Sunyata Satchitananda: There's a big difference between giving touch and taking touch. I think if you sit with that for a second you can get the feel for what that is. Its for [needy], if its about us touch tends to be taking. Its what we are wanting from the person before us. If its giving touch, it tends to be totally the opposite and that's the touch we want to use which is transmitting our love to a partner. I recommend that in doing this people first of all slow way, way down. And breathe. And if you can imagine that with ever out breathe your are sending love from your heart down your arms through your hands to your partner, you are transmitting this love to them and you are bringing this love energy everywhere you are touching their body. Just do that in a very slow manner and in a way where the touch that you are actually using is as if you are seeing with your fingers.

Francesca Gentille: Um. I love that.

Sunyata Satchitananda: Yeah. You are feeling their body but its as if you are seeing their body with your fingers for the first time. And you are discovering all the curves and the places the body bends and goes and just that slow conscious touch is very sensuous and feels very, very good. And of course including the [erection] zones and the touch, not in a touch where its a solicitude touch to make somebody sexually aroused, that's certainly part of it, but just in a touch where its very conscious and may be for the firs time, you are caressing her [yummy], her genitals very... in a slow way. You are discovering as you are going and you are just taking your time and just letting it be in the moment exactly what it is. Without agenda, without a goal to do anything.

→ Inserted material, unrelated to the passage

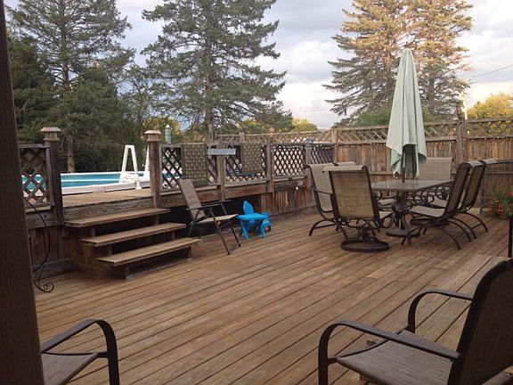 Country feel with all the amenities of living in town. Wonderful Cape on a large one acre lot. Owner has remodeled everything, house is move in ready. House boasts plenty of storage and a great floor plan for entertaining. Lots of outdoor living space includes wrap around front porch, three season room and a large deck with a grilling area that leads to pool. Primary heat is natural gas but included is an outdoor wood furnace for an alternative heat source. Finished basement and a first floor laundry are just a couple benefits of this house. Listing agent is related to sellers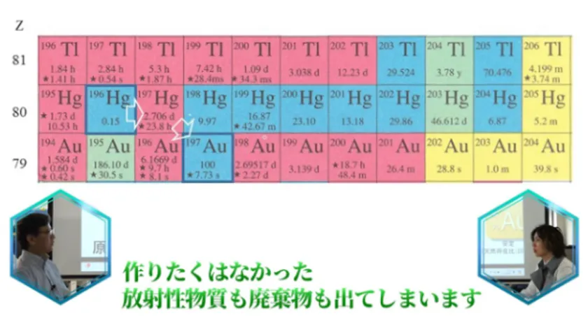 ・変換プロセス:196Hgに中性子を照射 → 197Hgを生成 → 自然崩壊により197Au(安定な金)に変換

Francesca Gentille: Hmmm. So this sense of just being slow.. appreciating and I'm hearing that there's a difference between appreciating and taking so there can be a sense of awe, sense of being moved, a sense of I can feel a sense of arousal, if I'm lightly or slowing pressing my beloved's body and noticing his muscles, and his sinews and his curves and yet that's very different if I'm just in a sense almost grabbing the body or manipulating the body in some way so that I can just get off.

Sunyata Satchitananda: Exactly. Its about the eye gazing with your partner, keeping that eye contact while you are doing that, really enhances the intimacy and the transmission of the love that you are feeling and remembering that its a one way giving. Its not about expecting anything back in return. Its just giving your love to your partner, physically, emotionally, with your presence, with your sight, with your gaze, all of those things.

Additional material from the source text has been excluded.